Musings on picks, and strings, etc. (LONG).


Silver Supporting Member
I’ve been making myself a little crazy going down the rabbit hole of searching for the perfect pick. It started with ordering and trying out samples from different manufacturers. After putting in a lot of time on this, I found that V-Picks’ lineup had the kind of picks that felt and sounded best to me, as a whole. But Vinni Smith makes what seems like dozens of different models - in a lot of different shapes and thicknesses - although he uses one kind of material (acrylic resin blends). So “the process” of ordering numerous picks to try out shifted to V-Picks.

I now have a lot of different models of V-Picks. I’d settle on one style and thickness, but found myself changing my favorite to another pick the next week - or the next day. For a while I would favor thicker picks because they forced me to play with a lighter touch, which seemed less fatiguing. But then the greater tendency of the really thick models to produce “chirps” on picking the strings soured me on those. I learned to pretty much ignore the chirping if it didn’t get amplified, but sometimes I heard it through the amp. So I went to thinner models. But I’d go back and forth on this.

This went on for a couple of months until I realized several things that have changed my approach to “the quest”. First of all, after playing so many different models, I discovered that I could adapt equally well to different thicknesses, tip styles, and to a lesser degree, to different shapes. The shapes I do well with are the triangular ones; which can be rounded, or pointed, or in between.

Next, I noticed that different picks sounded different on different guitars. I tended to switch favorites when I would switch from on guitar to another. I already had selected a favorite pick for my acoustic that is a model I haven’t ever gravitated towards for my electrics. On the acoustic I prefer a thinner and somewhat larger pick that gives me greater control over dynamics of volume and tonality in my more percussive acoustic style. Then I made the big realization that my electrics were different from one another as well, and I seemed to favor different picks on different guitars.

So the quest for THE ONE perfect pick has gone out the window. Now it depends on the sonic characteristics of each guitar, deriving from their different combinations of tonewoods, pickups, body style and - importantly - strings. I’ve come to the conclusion that if I find myself straying very far from a flat EQ on the amp for the guitar to sound right, something needs changing.

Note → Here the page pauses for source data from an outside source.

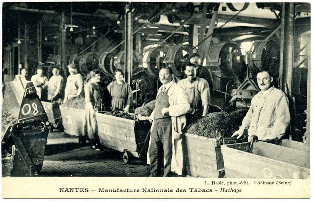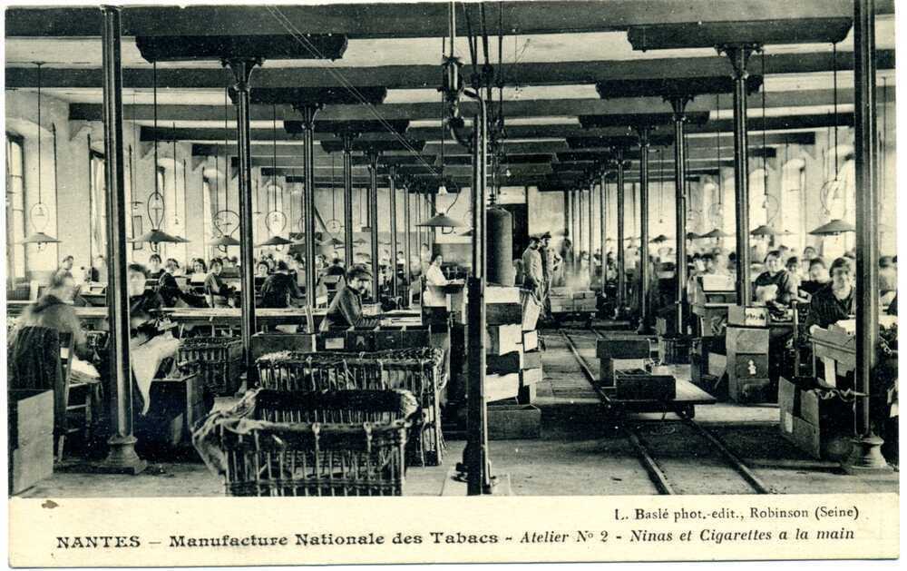 Nantes, qui a recueilli et permis de collectionner les plantes exotiques qui constituent le décor favori des fumoirs, accueille justement, à partir de 1857 sous une forme précaire, et à partir de 1865 sous une forme pérenne, une Manufacture des tabacs dédiée à la production des cigares et cigarillos ainsi qu’à celle du tabac haché.
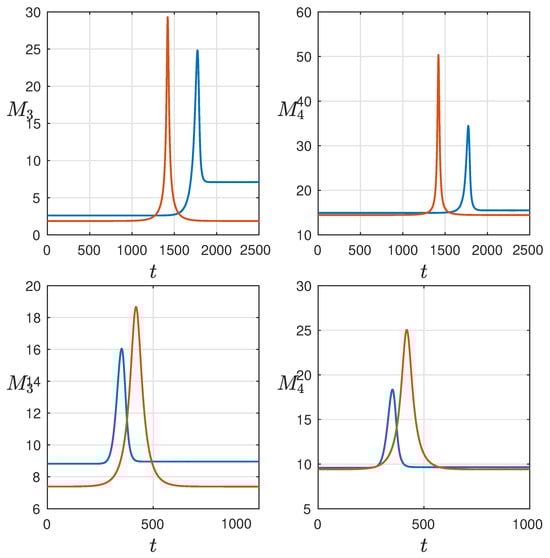 The third and fourth moments corresponding to the skewness and the kurtosis in the theory of turbulence vary in time and change their values during the soliton interaction. Their evolution and comparison for the two equations are shown in Figure 8 (top plot—in case of the simulation displayed in Figure 1) (bottom plot—in case of the simulation displayed in Figure 2). These moments increase in the moment of soliton interactions due to the increase in amplitude of the resulting impulse. The peaks of the moments are predictably higher within the mKdV equation than in the Schamel equation because the growth of impulses is larger in the mKdV equation as was shown in the previous section. By analogy with the maxima of wave fields, in the integrable mKdV equation, due to elastic soliton interactions, the values of the third and fourth moments before and after the interaction are identical. The same conclusion can be made for the Schamel equation in case of large differences in amplitudes of interacted solitons. The radiation due to the non-integrability of this equation is small enough. However, when the amplitudes of solitons are close in modulus ( is bigger than 0.7), the value of the moments after the interaction becomes bigger than before the interaction. This means that in the case of the mKdV soliton interaction, the amplitudes of interacted solitons are higher than in the Schamel case. However, if in the Schamel equation, a large time of evolution of the wave field consisting of a large number of solitons is considered, the accumulation of energy in large solitons can contribute to the emergence of unexpectedly large waves in the system. Thus, non-integrability can be considered as a factor provoking the rogue wave formation.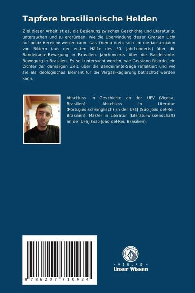 Ziel dieser Arbeit ist es, die Beziehung zwischen Geschichte und Literatur zu untersuchen und zu ergründen, wie die Überwindung dieser Grenzen Licht auf beide Bereiche werfen kann. Das Thema dreht sich um die Konstruktion von Bildern (aus der ersten Hälfte des 20. Jahrhunderts) über die Bandeirante-Bewegung in Brasilien. Jahrhunderts über die Bandeirante-Bewegung in Brasilien. Es soll untersucht werden, wie Cassiano Ricardo, ein Dichter der damaligen Zeit, über die Bandeirante-Saga reflektiert und wie sie als ideologisches Element für die Vargas-Regierung betrachtet werden kann.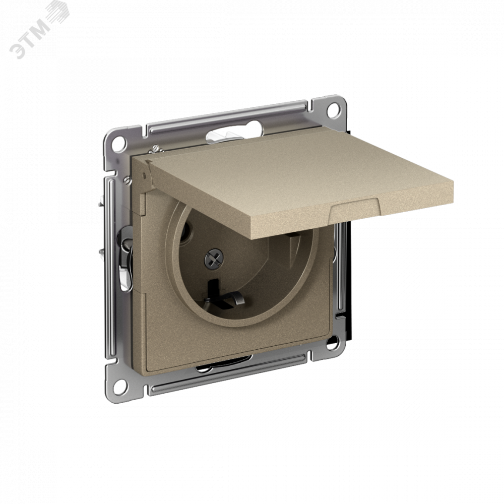 Розетка 1-м СП AtlasDesign 16А IP20 с заземл. защ. шторки с крышкой механизм шампань SE ATN000546, Розетка скрытого монтажа
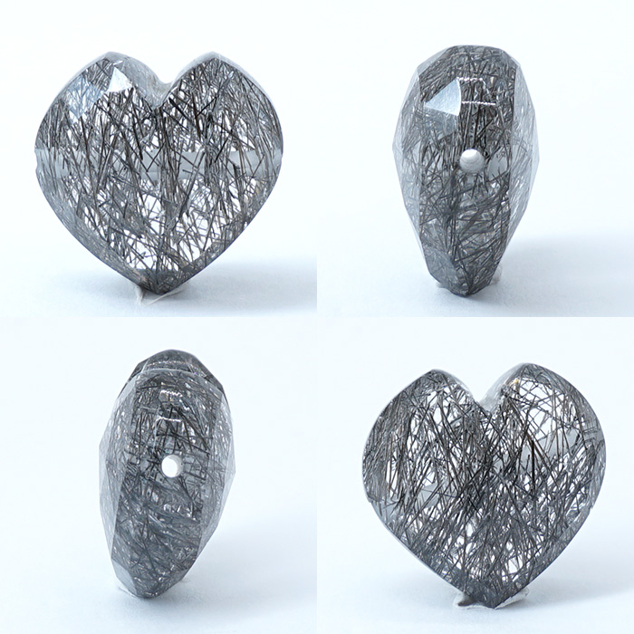 【20%OFFセール】 天然石 ハート型ビーズ ブラックルチル ブラジル産 【一点もの・一粒売り】 横穴貫通 穴あき 天然石 パワーストーン カラーストーン [06030048007602204073]

On my mellowest sounding guitar (one with a single humbucker in the neck position) what works best is a very thin, pointed pick to get the brightness and articulation needed to keep it from sounding muddy. On a guitar that has a very bright bridge pickup that is too ice-picky with that same pick (a Medium Ultra Light Pointed model), I’ve gone to a thicker pick for it’s darker tone (either a Screamer or Medium Pointed at 2.75mm - thicker than that and I get an amplified chirp). For my T style guitar with flatwounds I can use either a thicker, rounded pick to emphasize the softer tone of the flats and tame the brightness of the plain strings, or a thinner pointier pick to compensate for that softness. And so it goes. Different guitars/strings/pickups etc. call for different picks.

With this selection system I’m now enjoying better tone across the board. This might not work for you, but we’re all different. I hope this is useful to some of you.